Tuesday, April 10, 2007

Chief Responsibility Officer - CXO of the Month?

Almost exactly a year ago, in my post ChiefInnovation Officer I identified how CXOs are being named according to a variety of core corporate values like quality, information, learning and, at that time, innovation. Today the latest flavor is CRO or Chief Responsibility Officer which is so real that there is a magazine, "CRO" which is hosting its second (already) annual meeting of CROs in April.

A couple of things come to mind. Although I have not plotted the introduction rate of CXO functions over time I have the impression it is accelerating and wonder what that might mean. The other is that if there is a trend, what does it suggests about the next CXO function?

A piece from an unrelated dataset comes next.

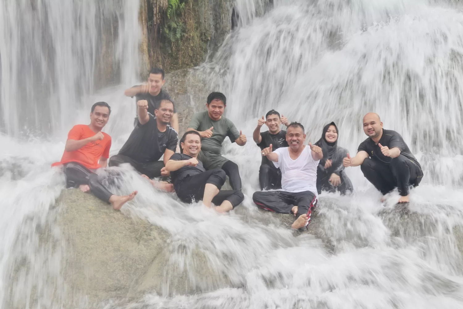 Tidak hanya sekadar menikmati suasa alam dan keindahan air terjun, Pj Gubernur juga mengajak Asisten Pemerintahan dan Kesejahteraan Rakyat Basarin Yunus Tanjung, Kepala Biro Umum Dedi Jaminsyah Putra, turut menceburkan diri menikmati jernih dan sejuknya air sungai yang mengalir tanpa henti.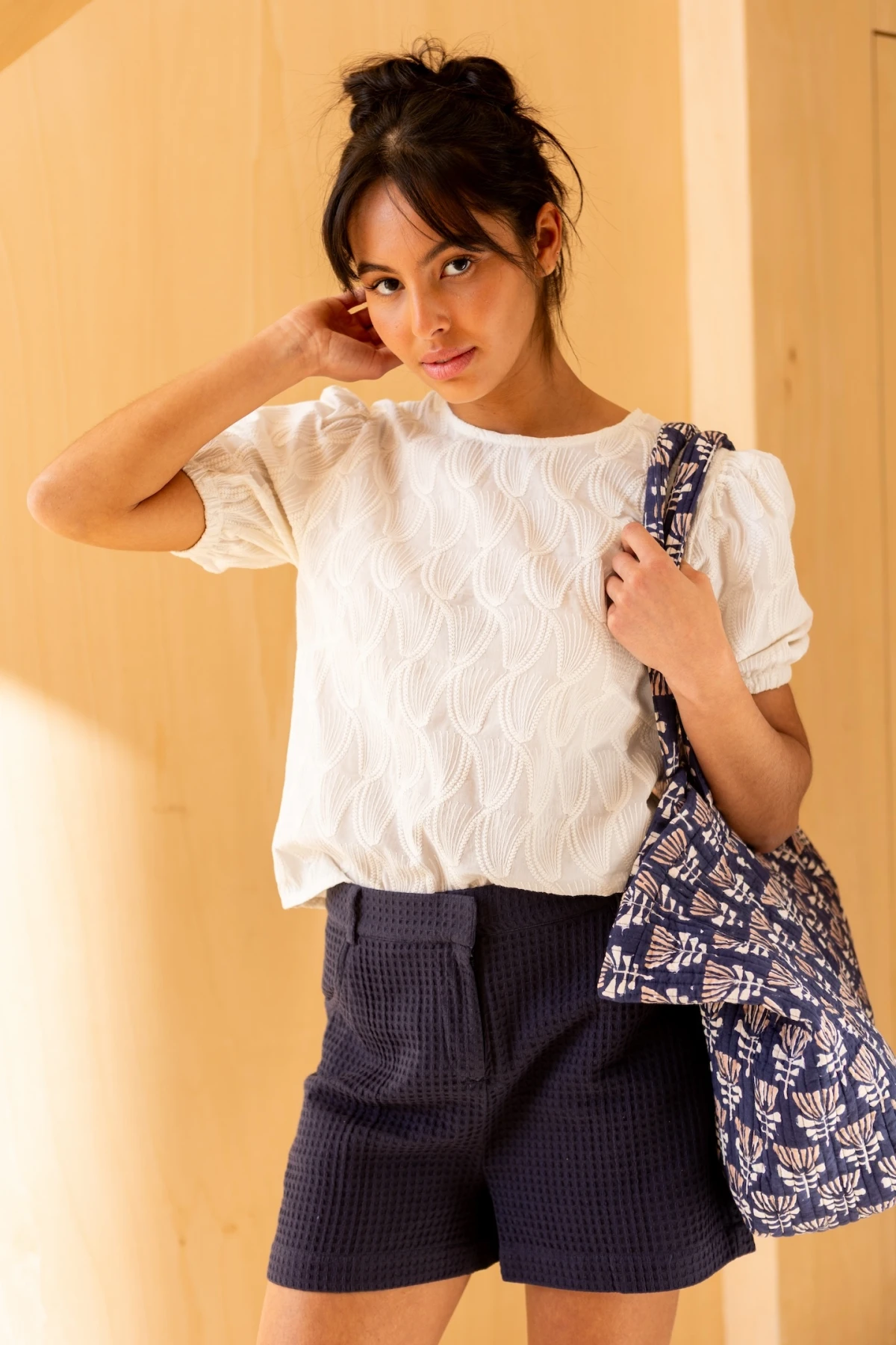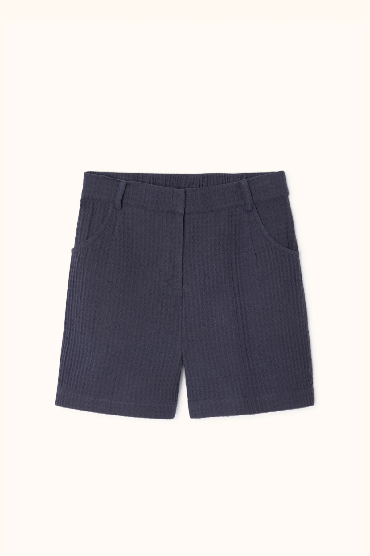 Notre short Holi sera idéal avec notre tee-shirt "Apaches". Il donnera un style minimaliste et élégant à chacun de vos looks grâce à son effet de matière en nid d'abeille !

What is the job of the CRO? I'm not going to try to exhaustively define this but rather observe that its origins appear in the ideas around corporate social responsibility, i.e. that corporations should be good citizens and care for the environment, underprivileged and so on. As in the emergence of the earlier CXO functions it certainly appears the right thing to do, to ensure a corporation fulfills all its responsibilities beyond making money for its investors. But what are these responsibilities?

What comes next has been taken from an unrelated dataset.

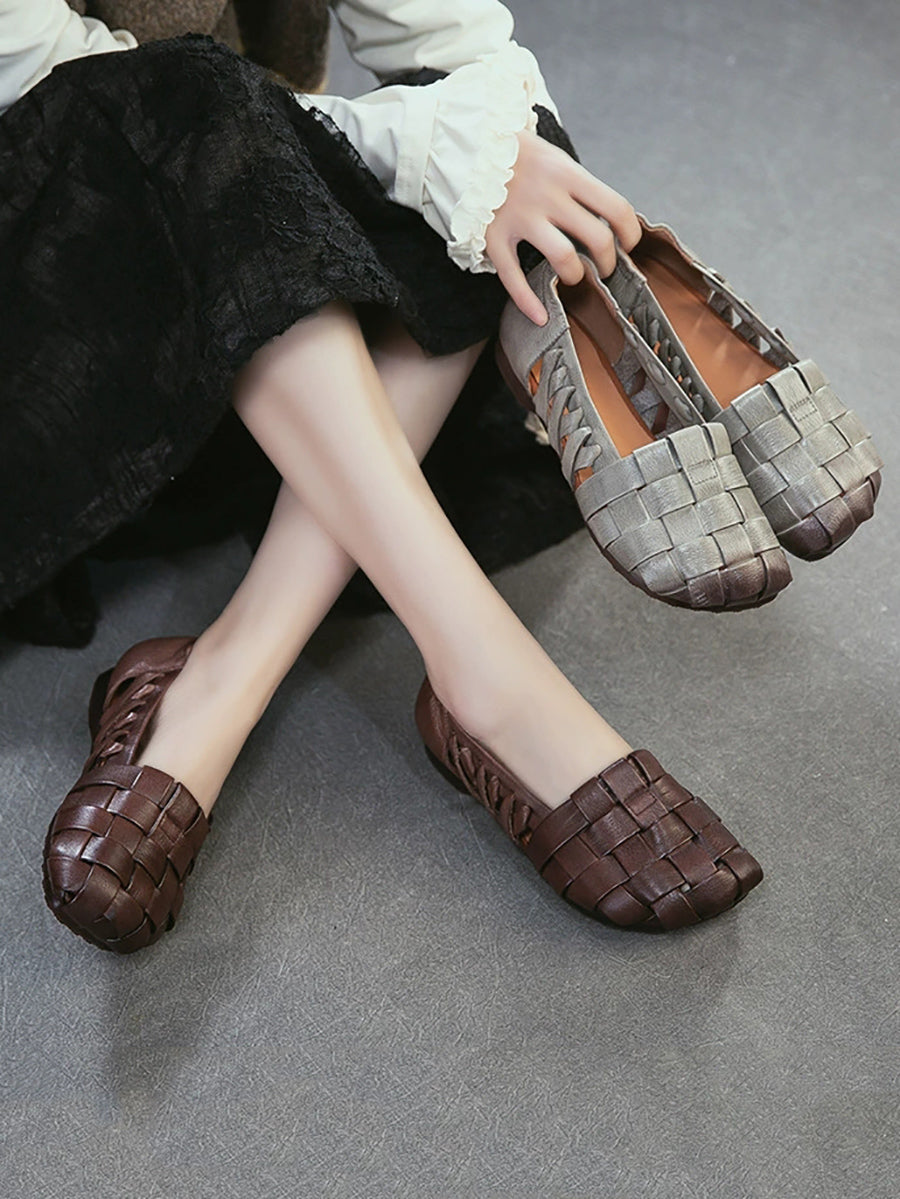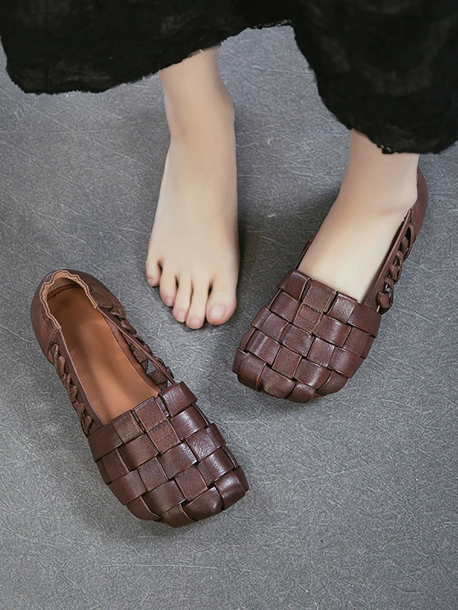 Women Summer Leather Weave Low Heel Sandals

It is necessary that a corporation accepts the responsibility to satisfy all its stakeholders: investors, employees, customers, providers, partners, governments, local communities, and now including the environment, global communities. If any one of these stakeholders is unsatisfied the business is unsustainable, which becomes obvious earlier with dissatisfied investors and later with a dissatisfied global community, although those cycle-times may be-a-changin'.

There is a downside, however. It takes an individual to respond. Responsibility can only be taken, i.e. the commitment to respond can only be made, by an individual and it is a pretense to believe one person can take responsibility for the actions of another. The buck stops in the corner office because the occupant is expected to ensure that people in his/her organization do take responsibility and if they do not s/he has failed in managing and/or leading.

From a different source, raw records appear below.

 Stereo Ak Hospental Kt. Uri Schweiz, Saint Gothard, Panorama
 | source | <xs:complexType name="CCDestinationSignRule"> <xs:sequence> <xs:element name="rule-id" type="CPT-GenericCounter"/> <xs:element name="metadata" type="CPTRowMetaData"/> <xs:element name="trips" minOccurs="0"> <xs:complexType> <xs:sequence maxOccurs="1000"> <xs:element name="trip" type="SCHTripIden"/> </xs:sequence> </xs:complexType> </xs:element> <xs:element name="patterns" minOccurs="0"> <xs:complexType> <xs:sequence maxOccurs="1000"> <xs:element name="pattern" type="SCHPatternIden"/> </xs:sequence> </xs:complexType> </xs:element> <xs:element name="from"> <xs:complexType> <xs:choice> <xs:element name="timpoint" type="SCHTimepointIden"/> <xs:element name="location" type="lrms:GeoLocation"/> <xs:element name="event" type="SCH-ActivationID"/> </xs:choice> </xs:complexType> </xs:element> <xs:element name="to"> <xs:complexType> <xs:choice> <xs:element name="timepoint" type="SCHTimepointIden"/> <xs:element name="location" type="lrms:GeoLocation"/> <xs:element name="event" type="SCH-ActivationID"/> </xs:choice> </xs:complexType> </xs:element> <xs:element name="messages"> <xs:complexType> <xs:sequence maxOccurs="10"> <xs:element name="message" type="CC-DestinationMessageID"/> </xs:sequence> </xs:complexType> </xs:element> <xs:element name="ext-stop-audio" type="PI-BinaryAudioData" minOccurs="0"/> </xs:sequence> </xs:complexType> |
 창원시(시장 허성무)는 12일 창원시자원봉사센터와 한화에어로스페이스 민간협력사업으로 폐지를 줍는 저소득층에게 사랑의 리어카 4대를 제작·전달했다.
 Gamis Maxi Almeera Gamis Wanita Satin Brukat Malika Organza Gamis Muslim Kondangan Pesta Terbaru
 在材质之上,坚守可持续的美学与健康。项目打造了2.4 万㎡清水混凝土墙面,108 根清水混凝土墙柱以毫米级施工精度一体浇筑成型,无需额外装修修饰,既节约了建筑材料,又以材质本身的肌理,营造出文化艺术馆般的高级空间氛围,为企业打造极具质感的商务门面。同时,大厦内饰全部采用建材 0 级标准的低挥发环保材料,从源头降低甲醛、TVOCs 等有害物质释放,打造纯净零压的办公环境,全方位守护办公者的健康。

So, if someone else is in charge of others behaving responsibly with respect to a corporation's stakeholders, what does the CEO do? Meanwhile, does the CRO position open the door for thinking, "although I don't like what I see, I need not worry about it because that's the CRO's responsibility?"

















A Leader-Follower can always be helped by good examples and role models. However, as this edge of the tetrahedral model "A Vision of Leadership for Collaboration and Innovation" shows,responding is about doing something new,innovating, as an action following some sort of stimulus, in a collaboratively negotiated fashion so the resulting contribution is satisfactory to all concerned.



















The opposite, complementary edge of the model is about structuring, i.e. leading for implementation by providing vision and organization! We could jump to the conclusion that is the CRO's role. Wrong! It is the individual's responsibility to self-manage by visualizing and organizing thoughts, values and actions to implement what responsibility means to to him/her.